As he approached the end of his leadership at Berkshire Hathaway, Warren Buffett was still on the hunt for that rare elephant.
The legendary 95-year-old investor, who transferred the CEO responsibilities to Greg Abel at the beginning of 2026, emphasized that the size of deals was not the issue; the shortage of opportunities was.
“It’s external factors. Trust me, if after we conclude our conversation you say, ‘I’ve got an incredible $100 billion proposal.’ I would respond, ‘Let’s converse,'” Buffett shared with Becky Quick during a unique interview in May following his announcement of his retirement at the year’s end.
This unseen interview is included in the “Warren Buffett: A Life and Legacy” special that airs Tuesday at 7 p.m. ET on CNBC.
His comments highlight a significant contradiction currently facing Berkshire. The company is flush with cash, boasting a cash reserve reaching an unprecedented $381.6 billion at the close of Q3, yet Buffett identified no substantial opportunities in 2025 at prices he considers reasonable.
“It signifies that when I observe the stock market, when I assess companies of a size that could impact us significantly, I see nothing. Sure, we’re acquiring one or two things, but they are negligible.
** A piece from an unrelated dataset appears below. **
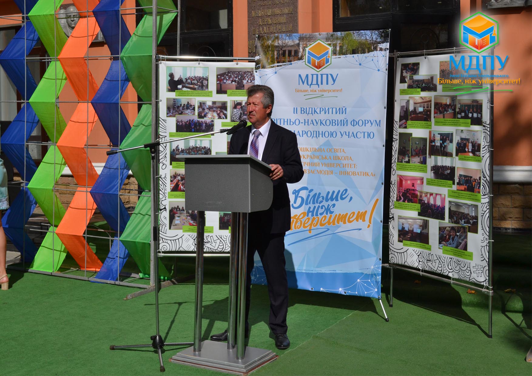 – У місті Мелітополі зосереджений величезний науковий потенціал, одним з його центрів є Мелітопольський державний педагогічний університет імені Богдана Хмельницького. Я дуже радий, що сьогодні на цьому Форумі сконцентровані всі гілки освіти, які є в місті: дошкільна, шкільна і вища. Хочу побажати плідної роботи всім учасникам Форуму!

However, I’m ready to invest $100 billion this afternoon, you know,” Buffett, now serving as chairman, remarked to CNBC.
In October, Berkshire finalized a transaction to acquire Occidental Petroleum’s chemical division, OxyChem, for $9.7 billion in cash, representing its largest acquisition since 2022 when it purchased insurer Alleghany for $11.6 billion.
Berkshire’s cash reserves have escalated notably following Buffett’s strategic divestments of major portions of his two largest investments, Apple and Bank of America.
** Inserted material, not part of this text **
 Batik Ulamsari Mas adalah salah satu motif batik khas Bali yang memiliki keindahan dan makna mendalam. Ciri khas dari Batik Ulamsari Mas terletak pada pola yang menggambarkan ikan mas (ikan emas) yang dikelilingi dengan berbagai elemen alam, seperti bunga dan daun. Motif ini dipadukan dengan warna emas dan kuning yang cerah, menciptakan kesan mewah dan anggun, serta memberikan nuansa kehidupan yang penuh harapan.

Buffett does not wish to maintain an excess of cash. He has consistently cautioned that cash is not a favorable long-term asset, while advocating for holding sufficient reserves to handle unforeseen circumstances.
“I would prefer to have $100 billion and a truly excellent business at a rational price than hold $100 billion in cash,” he expressed. “At specific levels, cash becomes essential, but it is not an optimal asset.”
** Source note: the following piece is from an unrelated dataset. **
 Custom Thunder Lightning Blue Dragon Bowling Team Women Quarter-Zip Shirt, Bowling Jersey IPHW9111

He compared liquidity to air, inexpensive to sustain but devastating to lack at critical times.
“You always aim to have enough,” Buffett stated. “You don’t have to overpay for it. But oxygen is necessary. And cash functions similarly. It should always be accessible because you can’t predict what will occur. I cannot foresee the stock market’s trajectory, nor can I predict business performance.”
Abel has been a long-standing associate who has been instrumental in numerous Berkshire acquisitions, particularly in the energy sector, and he has significantly contributed to the transformation of Berkshire Hathaway Energy into a leader in the field.
Though Abel’s reputation for deal-making is well established, Berkshire shareholders might not grant him the same leniency they have shown Buffett over the years. With the conglomerate sitting on a vast cash pile and stocks lagging behind the market, the demand to allocate capital could swiftly become a pivotal hurdle for the new CEO.